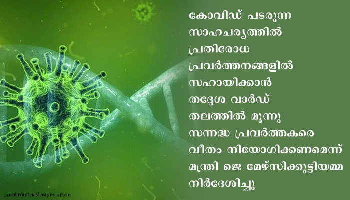 കൊല്ലം: കോവിഡ് പടരുന്ന സാഹചര്യത്തില് പ്രതിരോധ പ്രവര്ത്തനങ്ങളില് സഹായിക്കാന് തദ്ദേശ വാര്ഡ് തലത്തില് മൂന്നു സന്നദ്ധ പ്രവര്ത്തകരെ വീതം നിയോഗിക്കണമെന്ന് മന്ത്രി ജെ മേഴ്സിക്കുട്ടിയമ്മ നിര്ദേശിച്ചു. ഓരോ പഞ്ചായത്തും സന്നദ്ധപ്രവര്ത്തകരെ കണ്ടെത്തി നിയോഗിക്കണം. കോവിഡ് പ്രതിരോധ പ്രവര്ത്തനങ്ങള് അവലോകനം ചെയ്യാന് ഇന്നലെ(ഒക്ടോബര് 12) കൂടിയ ഓണ്ലൈന് യോഗത്തിലായിരുന്നു മന്ത്രിയുടെ നിര്ദ്ദേശം. മത്സ്യത്തൊഴിലാളികള് ഉള്പ്പെടെയുള്ളവര് താമസിക്കുന്ന വീടുകളില് ഒരു ശൗചാലയം മാത്രമുള്ള ഇടങ്ങളില് രോഗബാധിതര് ഉണ്ടായാല് അവരെ പ്രത്യേകം കേന്ദ്രങ്ങളിലേക്ക് മാറ്റി പാര്പ്പിക്കണം. ഗൃഹചികിത്സയ്ക്ക് സൗകര്യമില്ലാത്ത സാഹചര്യത്തില് പ്രത്യേക സി എഫ് എല് ടി സി കേന്ദ്രങ്ങളില് അവരെ നിരീക്ഷിക്കാന് സന്നദ്ധപ്രവര്ത്തകര്ക്ക് കഴിയും. ആഹാരം മരുന്ന് എന്നിവ കൃത്യമായി എത്തിക്കാന് തദ്ദേശസ്ഥാപനങ്ങള് മുന്കൈയെടുക്കണം. നിലവിലുള്ള ഒരു സി എഫ് എല് ടി സി യും നിര്ത്തലാക്കരുതെന്ന് മന്ത്രി നിര്ദേശിച്ചു.
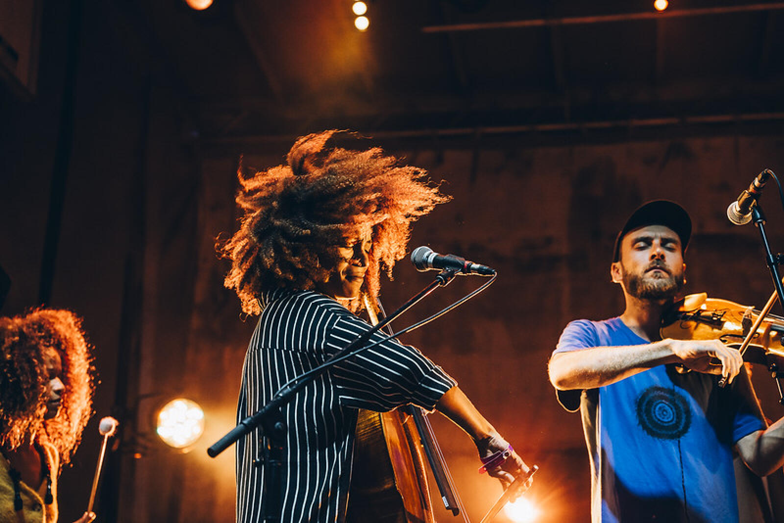L’arrivée dans le comté de Charlevoix (avec un bon jetlag) se fait sous une pluie torrentielle. Mais rien n’entame la bonne humeur et la volonté de faire le “party” de mes deux covoitureuses. A peine le temps d’installer leur tente dans un jardin privé du “camping citoyen” (quand les habitants prêtent leur allées, jardins, place de stationnement, c’est classe !), le tout entre deux averses, et c’est parti pour la première soirée avec Pierre Kwenders qui nous fait danser dans 5 langues, en lingala, français, anglais, tshiluba et kikongo. L’artiste d’origine Congolaise a renoué avec sa vie d’avant la musique avec son plus récent album José Louis And The Paradox Of Love, José Louis Modabi étant son vrai nom, et nous en a donné un bel aperçu en live.
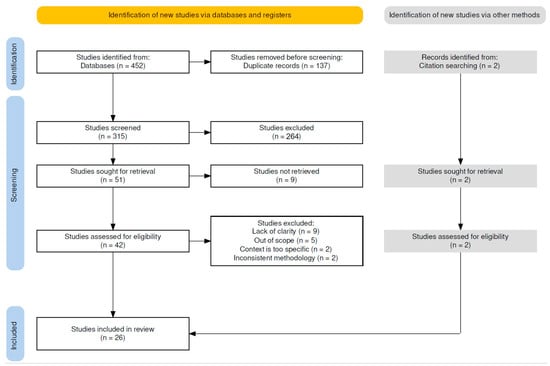 After retrieval, the studies were further assessed for eligibility with full paper reading and excluded for (a) being out of scope, when the study did not support in answering the research questions (e.g., [35]); (b) lack of clarity, when the barriers are not clearly defined (e.g., [36]); (c) being excessively circumstantial, when the barriers were context-specific and could not be generalized (e.g., [37]); and (d) having inconsistent methodology. The data collection process involved gathering the barriers from each of the studies included in the review in a single list, marking each of the studies that mentioned them. This list is presented in the Results section.

▶ _Task brief_
The material above is to be transcribed exactly, with its images omitted.

▶ _Exercise answer_
 കൊല്ലം: കോവിഡ് പടരുന്ന സാഹചര്യത്തില് പ്രതിരോധ പ്രവര്ത്തനങ്ങളില് സഹായിക്കാന് തദ്ദേശ വാര്ഡ് തലത്തില് മൂന്നു സന്നദ്ധ പ്രവര്ത്തകരെ വീതം നിയോഗിക്കണമെന്ന് മന്ത്രി ജെ മേഴ്സിക്കുട്ടിയമ്മ നിര്ദേശിച്ചു. ഓരോ പഞ്ചായത്തും സന്നദ്ധപ്രവര്ത്തകരെ കണ്ടെത്തി നിയോഗിക്കണം. കോവിഡ് പ്രതിരോധ പ്രവര്ത്തനങ്ങള് അവലോകനം ചെയ്യാന് ഇന്നലെ(ഒക്ടോബര് 12) കൂടിയ ഓണ്ലൈന് യോഗത്തിലായിരുന്നു മന്ത്രിയുടെ നിര്ദ്ദേശം. മത്സ്യത്തൊഴിലാളികള് ഉള്പ്പെടെയുള്ളവര് താമസിക്കുന്ന വീടുകളില് ഒരു ശൗചാലയം മാത്രമുള്ള ഇടങ്ങളില് രോഗബാധിതര് ഉണ്ടായാല് അവരെ പ്രത്യേകം കേന്ദ്രങ്ങളിലേക്ക് മാറ്റി പാര്പ്പിക്കണം. ഗൃഹചികിത്സയ്ക്ക് സൗകര്യമില്ലാത്ത സാഹചര്യത്തില് പ്രത്യേക സി എഫ് എല് ടി സി കേന്ദ്രങ്ങളില് അവരെ നിരീക്ഷിക്കാന് സന്നദ്ധപ്രവര്ത്തകര്ക്ക് കഴിയും. ആഹാരം മരുന്ന് എന്നിവ കൃത്യമായി എത്തിക്കാന് തദ്ദേശസ്ഥാപനങ്ങള് മുന്കൈയെടുക്കണം. നിലവിലുള്ള ഒരു സി എഫ് എല് ടി സി യും നിര്ത്തലാക്കരുതെന്ന് മന്ത്രി നിര്ദേശിച്ചു.
L’arrivée dans le comté de Charlevoix (avec un bon jetlag) se fait sous une pluie torrentielle. Mais rien n’entame la bonne humeur et la volonté de faire le “party” de mes deux covoitureuses. A peine le temps d’installer leur tente dans un jardin privé du “camping citoyen” (quand les habitants prêtent leur allées, jardins, place de stationnement, c’est classe !), le tout entre deux averses, et c’est parti pour la première soirée avec Pierre Kwenders qui nous fait danser dans 5 langues, en lingala, français, anglais, tshiluba et kikongo. L’artiste d’origine Congolaise a renoué avec sa vie d’avant la musique avec son plus récent album José Louis And The Paradox Of Love, José Louis Modabi étant son vrai nom, et nous en a donné un bel aperçu en live.
 After retrieval, the studies were further assessed for eligibility with full paper reading and excluded for (a) being out of scope, when the study did not support in answering the research questions (e.g., [35]); (b) lack of clarity, when the barriers are not clearly defined (e.g., [36]); (c) being excessively circumstantial, when the barriers were context-specific and could not be generalized (e.g., [37]); and (d) having inconsistent methodology. The data collection process involved gathering the barriers from each of the studies included in the review in a single list, marking each of the studies that mentioned them. This list is presented in the Results section.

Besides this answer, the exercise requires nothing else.